In 1968, sports handicapper and Mafia associate Sam "Ace" Rothstein is sent by the Chicago Mafia to Las Vegas to run the Tangiers Casino. Front man Philip Green serves as the casino and hotel CEO, but Sam unofficially runs everything. Sam quickly doubles the casino's profits, with cash skimmed directly from the count room and delivered to the Midwest Mafia bosses. Chicago boss Remo Gaggi sends Sam's childhood friend and mob enforcer Nicky Santoro to protect Sam and the casino. Nicky makes sure everyone is kept in line, but his own criminal activities start drawing too much media and law enforcement attention. He recruits his younger brother Dominick and childhood friend Frankie Marino to gather a crew that specializes in shakedowns, burglaries and jewelry heists. Nicky is eventually placed in the Nevada Black Book, banning him from every casino in Nevada.
Sam meets and falls in love with beautiful hustler and former prostitute Ginger McKenna. In 1969 they have a daughter, Amy, and marry, but their marriage is quickly thrown into turmoil due to Ginger's relationship with her longtime boyfriend, con artist Lester Diamond. Sam has Nicky's crew beat Lester when they catch him accepting $25,000 from her. In the mid-1970s, Ginger's problems intensify as she turns to drugs and alcohol.

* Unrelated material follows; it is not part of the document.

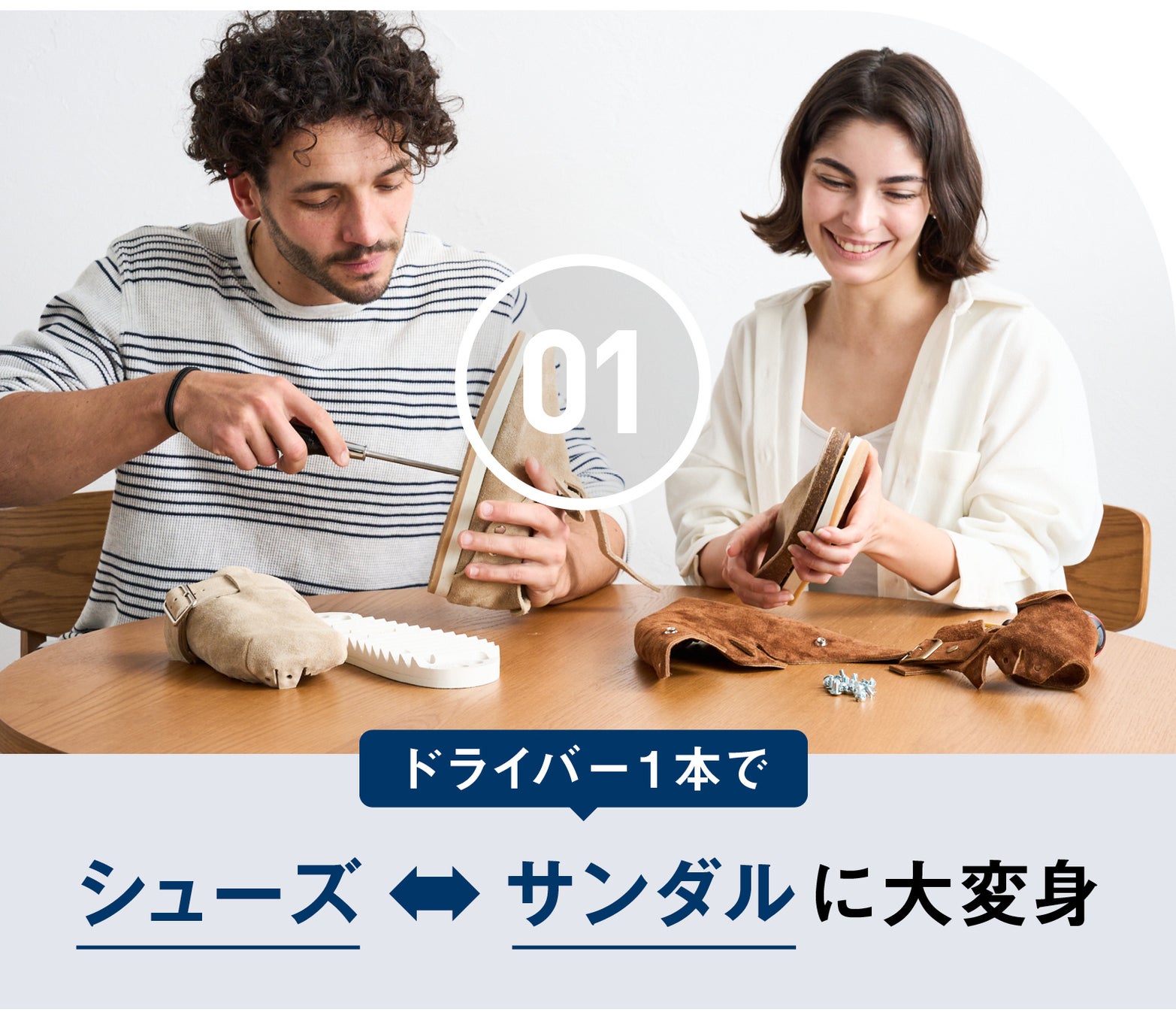 『Foot bed シリーズ』は、アッパー・フットベッド・ソールを19本のネジで固定しているので、ドライバー1本で誰でも簡単に分解・組み立てが可能。

In 1976, Sam fires slot manager Don Ward for incompetence. When Ward's brother-in-law, Clark County Commission chairman Pat Webb, fails to convince Sam to rehire Don, Webb arranges for Sam's gaming license to be denied, jeopardizing his position. Sam starts hosting a local television talk show from inside the casino, irritating both Nicky and the bosses back home for making himself such a public figure and bringing unneeded attention. Sam blames Nicky's recklessness for ongoing police and Nevada Gaming Board pressure, and the two argue furiously in the Mojave Desert.
When the Midwest bosses discover that people on the inside are stealing from their skim, they install incompetent Kansas City underboss Artie Piscano to oversee the operation. Piscano ends up keeping detailed written records of the operation. Additionally, an FBI bug placed in Piscano's store for a separate crime catches him talking in detail about the skim, prompting a full investigation into the Tangiers Casino.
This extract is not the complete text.